Он повертел в руках колесико, встал.

— Я ведь понимаю, — добавил негромко. — Это ж видно, Слав. Но тут ничего не зависит ни от тебя, ни от меня. Ни даже от нее, если задуматься. Что мы, два взрослых мужика, будем впадать в уныние из-за… ерунда какая! Да?

— Не будем, конечно, — промямлил Павлыш. Он чувствовал, как наливаются красным уши, как багровеют щеки. — Давно ты знал? А остальные?..

— А плевать на остальных, — с наигранной бравадой заявил Домрачеев. — Нам что надо, Павлыш? Выйти с честью из испытания. Даже из двух, если точнее. Вот и сосредоточимся, соберем в кулак силу воли.

— Из трех, — мрачно поправил его Павлыш. — Подарочек, я так думаю, нам придется тащить на собственном горбу.

Домрачеев хмыкнул, сунул колесо в карман куртки и ухватился за верхнюю коробку:

— Поберегись!

Он рывком вскинул ее, крякнул, подмигнул Павлышу:

— Твоя — вторая. А тележку на обратном пути заберем, вряд ли на нее кто-нибудь позарится.

Миша двинулся к озеру, насвистывая бодренький, знакомый Павлышу мотивчик.

— «Выйти с честью из испытания», — сказал себе Павлыш. — Это мы, конечно… завсегда.

Вдруг он заметил, как совсем рядом, в двух шагах от дороги, стоит призрак: приземистая тень о семи-восьми ногах, с чем-то вроде павлиньего хвоста прямо по центру туловища.

— Интересно, — пробормотал Павлыш, — а сколько испытаний нужно было пройти вам? И на котором вы сломались?

Призрак стоял и смотрел, если, конечно, у него были глаза. Павлыш подхватил коробку и поспешил вслед за Мишей. Так и подмывало оглянуться, проверить, не пропал ли призрак, но Павлыш оглядываться не стал.

Еще на подходах к озеру он услышал два голоса: академик Окунь читал очередную лекцию о планете Земля, коробок-переводчик — перетолмачивал ее на птичий. Ависы устроились на все той же своей коряге, а люди — прямо на траве.

Ну, кроме тех двух представителей вида Homo sapiens, которые сейчас крались к дальнему берегу.

— А ну-ка стой! — скомандовал Павлыш. — Ко мне — шагом марш!

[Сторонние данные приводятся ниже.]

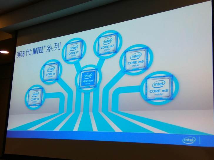 ▲整個第六代CPU非常齊全,入門的奔騰、桌上用I系列、NB用的M系列都有

Урванцы подошли, с видом беззаботным и невинным.

Павлыш поставил коробку на землю и погрозил им пальцем, чувствуя себя тем еще занудой.

— Вы, конечно, убедились в том, что вместе с ависами сюда не прибыли ни хищники, ни ядовитые твари, но это ведь не повод, юноши. Хоть из вежливости посидели бы, Федор Мелентьевич, сами знаете, переживает, если его не слушают.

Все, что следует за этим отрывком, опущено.